DNA and RNA topoisomerase activities of Top3β are promoted by mediator protein Tudor domain-containing protein 3

Topoisomerase 3 beta (Top3 beta) can associate with the mediator protein Tudor domain-containing protein 3 (TDRD3) to participate in two gene expression processes of transcription and translation. Despite the apparent importance of TDRD3 in binding with Top3 beta and directing it to cellular compartments critical for gene expression, the biochemical mechanism of how TDRD3 can affect the functions of Top3 beta is not known. We report here sensitive biochemical assays for the activities of Top3 beta on DNA and RNA substrates in resolving topological entanglements and for the analysis of TDRD3 functions. TDRD3 stimulates the relaxation activity of Top3 beta on hypernegatively supercoiled DNA and changes the reaction from a distributive to a processive mode. Both supercoil retention assays and binding measurement by fluorescence anisotropy reveal a heretofore unknown preference for binding single-stranded nucleic acids over duplex.
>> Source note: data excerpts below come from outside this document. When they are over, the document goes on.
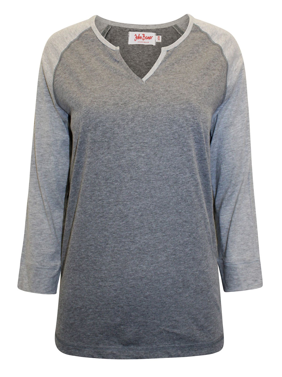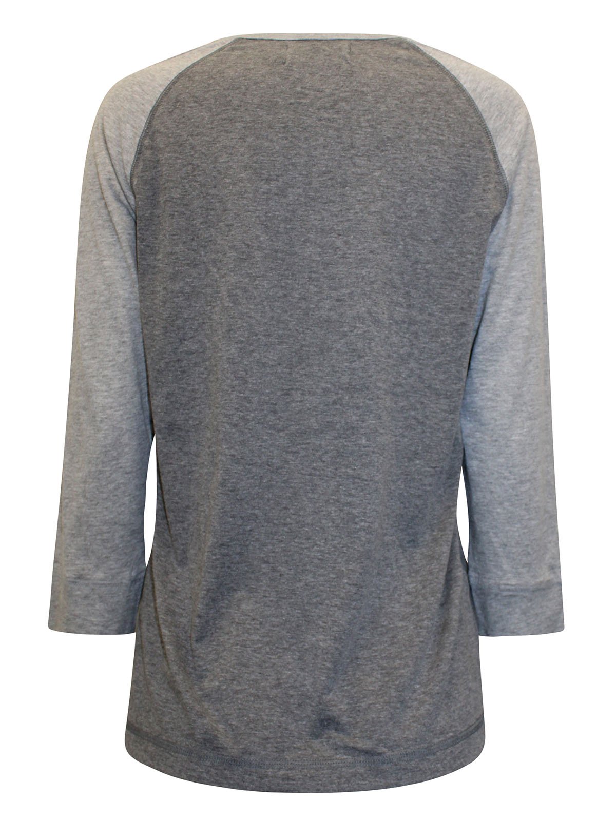 Practical yet cute, this grey raglan T-shirt is a perfect staple for your wardrobe. Featuring a notch neckline and flattering 3/4 length sleeves.
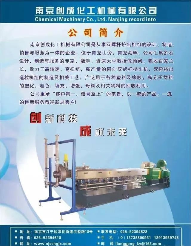 南京创成化工机械有限公司是从事双螺杆挤出机组的设计、制造销售与服务为一体的企业,位于青龙山旁,青龙湖畔,公司汇集多名设计,制造与服务的专家,能手,资深大学教授做顾问,吸收百家之长,致力于高转速,高扭矩,高产量的同向双螺杆挤出机,双阶挤出造粒机组的制造及相关工艺,广泛用于各种塑料及橡胶,高分子材料的塑化,着色,填充,增强,母粒及相关物料的回收利用。
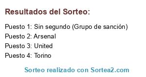 Lista de participantes: Sin segundo (Grupo de sanción), United, Arsenal, Torino.
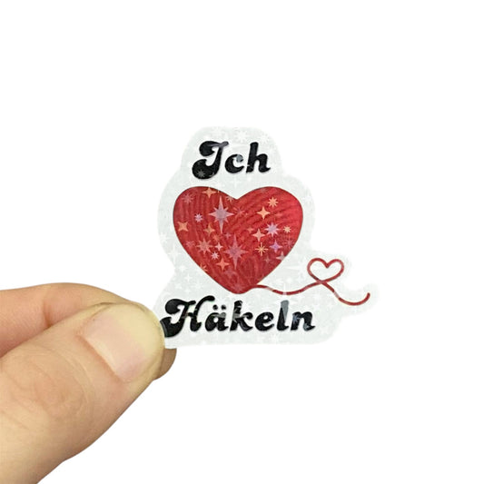 „Ich liebe Häkeln“ Glitzer-Aufkleber
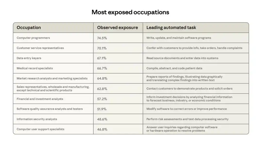 数据显示,高 AI 实际暴露度十大职业榜上,程序员以 74.5% 的任务覆盖率位居榜首(契合代码开发类 AI 高频使用特征);客服专员依托官方 API 接口的高频应用位列第二,为 70.1%;数据录入员因资料录入流程高度自动化,覆盖率达 67%,排名第三。
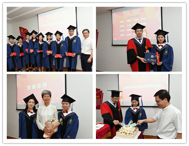 现场,党委书记李旭东为浙江省优秀毕业生代表江小琼颁发了荣誉证书,院长陈成水为在学校“疫期课程思政我来说”说课大赛决赛中获得特等奖的2019届研究生梁世耀同学颁发了荣誉证书。李旭东、陈成水为现场所有毕业生和校友颁发了纪念品,并同毕业生代表一起,共同切下taptap点点体育2020届研究生毕业纪念蛋糕,共同祈愿毕业生前程似锦、生活美满。
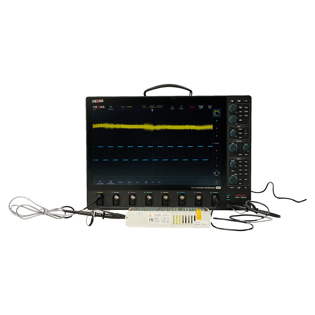 Благодаря восьми каналам, цифровой осциллограф позволяет одновременно отслеживать сигналы управления, силовые ключи, датчики и шины связи — например, в системе управления электродвигателем или промышленном контроллере. Это исключает необходимость синхронизации нескольких осциллографов и устраняет риск ошибок при анализе временных соотношений.

Whereas TDRD3 has a structure-specific binding preference, it does not discriminate between DNA and RNA. This unique property for binding with nucleic acids can have an important function in serving as a hub to form nucleoprotein complexes on DNA and RNA. To gain insight into the roles of Top3 beta on RNA metabolism, we designed an assay by annealing two single-stranded RNA circles with complementary sequences. Top3 beta is capable of converting two such single-stranded RNA circles into a double-stranded RNA circle, and this strand-annealing activity is enhanced by TDRD3. These results demonstrate that TDRD3 can enhance the biochemical activities of Top3 beta on both DNA and RNA substrates, in addition to its function of targeting Top3 beta to critical sites in subcellular compartments.